84th AMS Annual Meeting

Tuesday, 13 January 2004: 11:15 AM
Mixing height variations in a coastal megacity inferred from lidar, profiler, sonde, microwave temperature profiler, and aircraft
Room 612
Christina Smith, Texas A&M University, College Station, TX; and C. Senff, J. Nielsen-Gammon, A. White, W. Angevine, C. Berkowitz, M. Mahoney, S. O. Han, and C. Doran
Knowledge of the planetary boundary layer (PBL) structure, especially its depth and the mixing layer (ML) height, is important for understanding the various processes in the atmosphere and properly predicting and simulating pollution episodes. Different instruments used for inferring ML height have different strengths and are often appropriate only in certain conditions. Even under optimal conditions, differences among various ML estimates can result from separate instruments using a different variable assumption as to which feature best defines the depth of the mixed layer.

During TexAQS-2000 in Houston, an unusually large number of instruments were deployed with the ability to measure ML height. Available instruments included six boundary layer profilers, three radiosonde sites, an airborne lidar, three other instrumented aircraft, and a microwave temperature profiler. The latter instrument was used for PBL measurements for the first time during TexAQS-2000.

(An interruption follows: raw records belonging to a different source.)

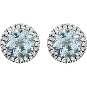 14K White Natural Aquamarine & .02 CTW Natural Diamond Earrings
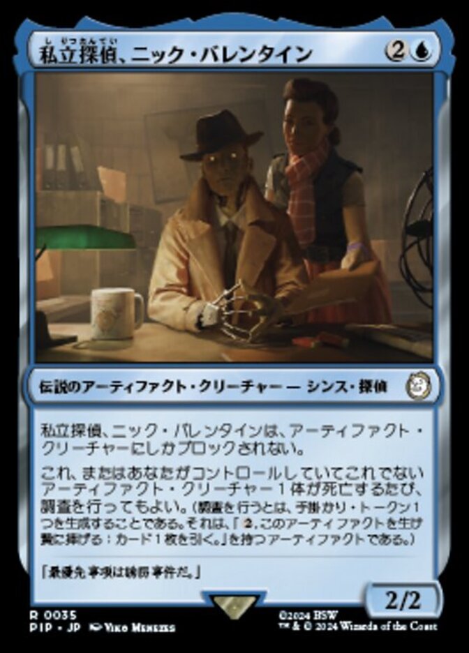 | Rules | Nick Valentine, Private Eye can't be blocked except by artifact creatures. Whenever Nick Valentine or another artifact creature you control dies, you may investigate. (To investigate, create a Clue token. It's an artifact with ", Sacrifice this artifact: Draw a card.") |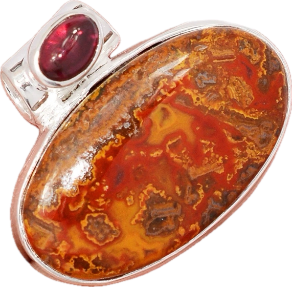 Natural Seam Agate From Morocco & Garnet Silver Pendant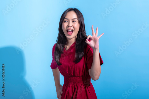 An Asian woman in a red dress smiling while making an "OK" hand gesture with her right hand. She looks excited and cheerful, with a light blue background.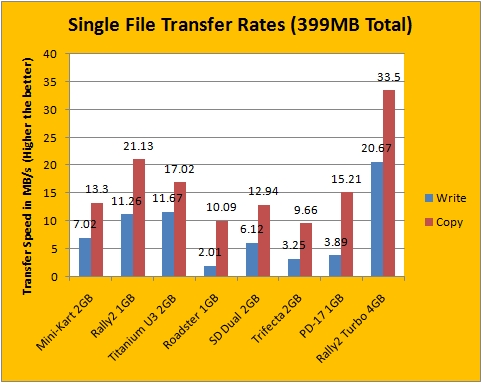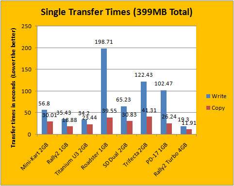 In our APH proprietary single file benchmark, this test set is used to see the maximum real life potential of the flash drive. Finishing the read portion of this benchmark at 11.91 seconds, this 33.5MB/s read performance is simply the fastest we've seen in any flash drive -- it's quite close to OCZ's advertised speed at 35MB/s read speed. Heck, any faster would probably be limitations of USB2.0. The next closest is the original Rally2 at 21.13MB/s, as shown in the graph above. This is absolutely impressive.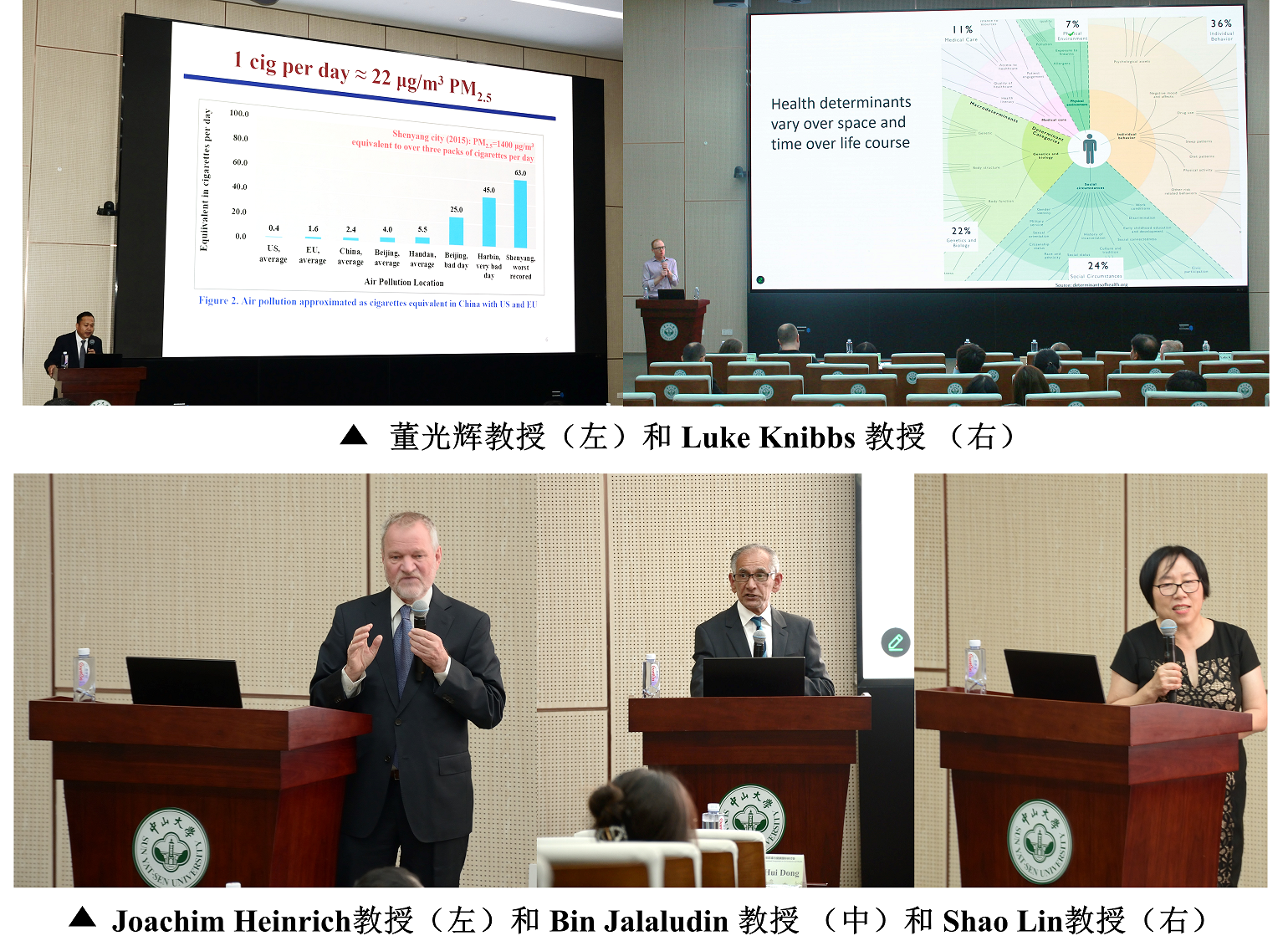 长达八年的合作历程,接着讲述了目前有关空气污染和糖尿病之间关联系统综述的研究进展和不足,同时呼吁各位研究者应对系统综述结果持批判态度,并强调了原创研究论文的重要性;澳大利亚新南威尔士大学Bin Jalaludin教授围绕空气污染健康影响评估讲述了空气污染现况及其带来的健康负担,并系统总结了过去10-15年间WHO、HEI、COMEAP、美国EPA等国际机构对不同大气污染物健康效应靶点的历史变化情况,强调了科学研究要为制定更有效的公共卫生政策提供帮助;美国纽约州立大学Shao Lin教授讲述了气候变化和极端天气对人类健康效应评估的新发现、挑战以及对未来相关领域研究的建议;澳大利亚悉尼大学Luke Knibbs教授就环境污染与健康之间面临的机遇和挑战进行了讲述,并提出了目前应重点关注的研究领域。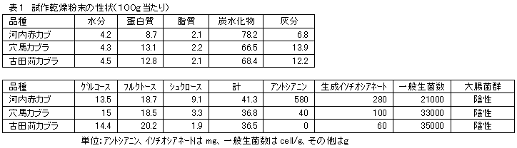 乾燥温度50℃で河内赤カブ、穴馬カブラ、古田苅カブラを乾燥粉末化すると、いずれも糖分をかなり多く含み、また、河内赤カブ粉末はアントシアニン含量、イソチオシアネートの生成量も高い(表1)。 |
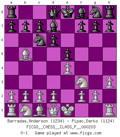 Last move : 0-1 2018 July 26 11:16:6 [Event "FICGS__CHESS__CLASS_F__000203"] [Site "FICGS"] [Date "2018.06.15"] [Round "1"] [White "Barradas,Anderson"] [Black "Pipac,Darko"] [Result "0-1"] [WhiteElo "1234"] [BlackElo "1124"] 1.e4 e5 2.Nf3 Nc6 3.Bb5 d6 4.h3 Bd7 0-1 This chess game has been lost on time (started : 2018.06.15 22:36:20) Ruy Lopez : Old Steinitz defense Player Black won this chess game. Follow this game move after move (download)My style is somewhere between that of Tal and Petrosian. (Reshevsky) Es ist besser die Steine des Gegners zu opfern. (Savielly Grigorievitsch Tartakower) El Ajedrez moderno está demasiado preocupado con cosas como la estructura de Peones. Olvidenlo, el Jaque Mate termina la partida. (Nigel Short) Shah mat. Le roi est mort. Cri de fierté d'un joueur venant de terrasser son adversaire, courtoisement, sans effusion de sang. A good book on your shelf is a friend that turns its back on you and remains a friend. (Author unknown)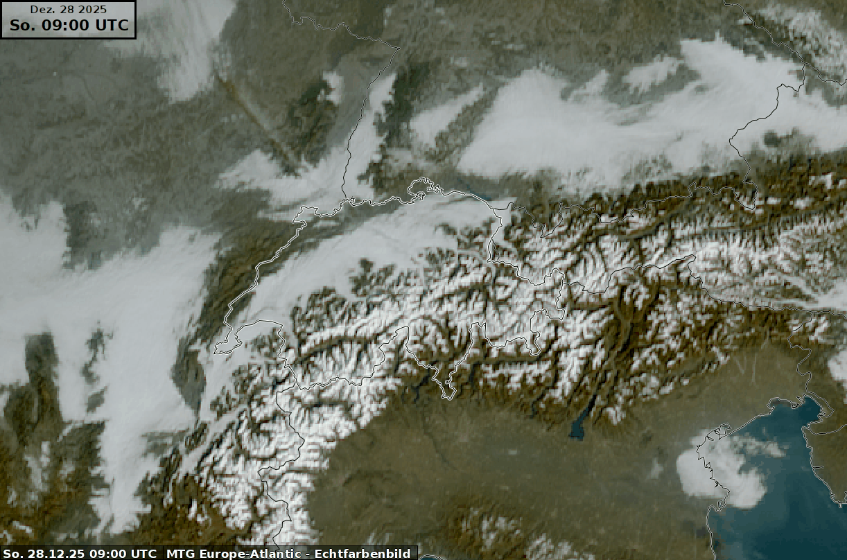 Auf der Alpennordseite hat sowohl im Kaltluftsee als auch über dem Nebelmeer die Bise wieder eingesetzt, wobei von Nordosten her trockenere Luft in den nebligen Kaltluftsee eingemischt wurde. Ausgehend vom Bodensee her lockerte sich der Hochnebel im Mittelland im Tagesverlauf gebietsweise auf.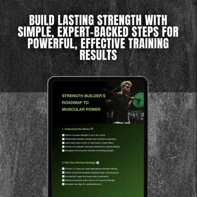 If you’re ready to unlock your full physical potential, the Strength Builder’s Roadmap to Muscular Power is your go-to digital checklist for building real, lasting muscular strength. Whether you’re just starting your fitness journey or looking to improve your current routine, this structured, easy-to-follow guide breaks down everything you need to know. Designed to walk you through the fundamentals of strength training, this checklist equips you with clear action steps, practical knowledge, and a focused plan to help you lift stronger and train smarter—right from your first workout.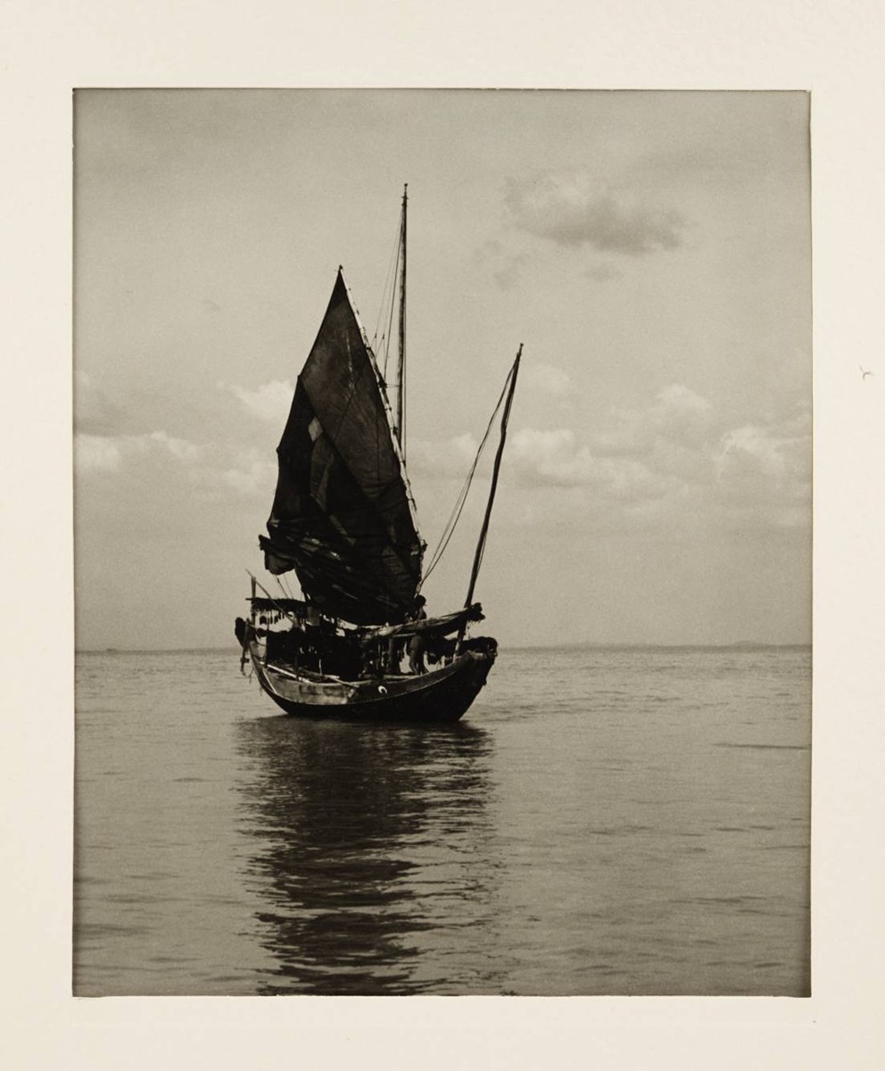 A Chinese Fishing Junk: verso tužkou název fotografie, kuličkovým perem jméno autora, lokace a datace "Tang Seng Huat Penang 1952". Verso po obvodu hnědá páska.

We compare and contrast the various measurements of ML height during selected high ozone days in the Houston area. The various measurements are in general agreement, although the agreement decreases as signatures of PBL structure become ambiguous. No single instrument is adequate by itself, but together the measurements provide a comprehensive depiction of ML height in the Houston area as a function of both space and time.

We find that ML height variations in the Houston area are modulated primarily by the presence of the neighboring Galveston Bay and Gulf of Mexico. During onshore flow conditions, a strong afternoon gradient of ML depth is typically present between Houston and the coast. Under lighter wind conditions, the ML height is subject to larger local-scale variations, and some indication of a deeper ML is found over the center of Houston. Large spatial variations are also present when the environmental stratification is weak. Over Galveston Bay, a residual layer of continental air is typically present over the local marine boundary layer, and this residual layer is depressed downward by the subsidence and low-level divergence induced by the land-sea temperature contrast. Under particular wind conditions, the residual layer has been shown to consist of polluted urban air which undergoes photochemistry over Galveston Bay prior to being advected over land and mixed to the surface.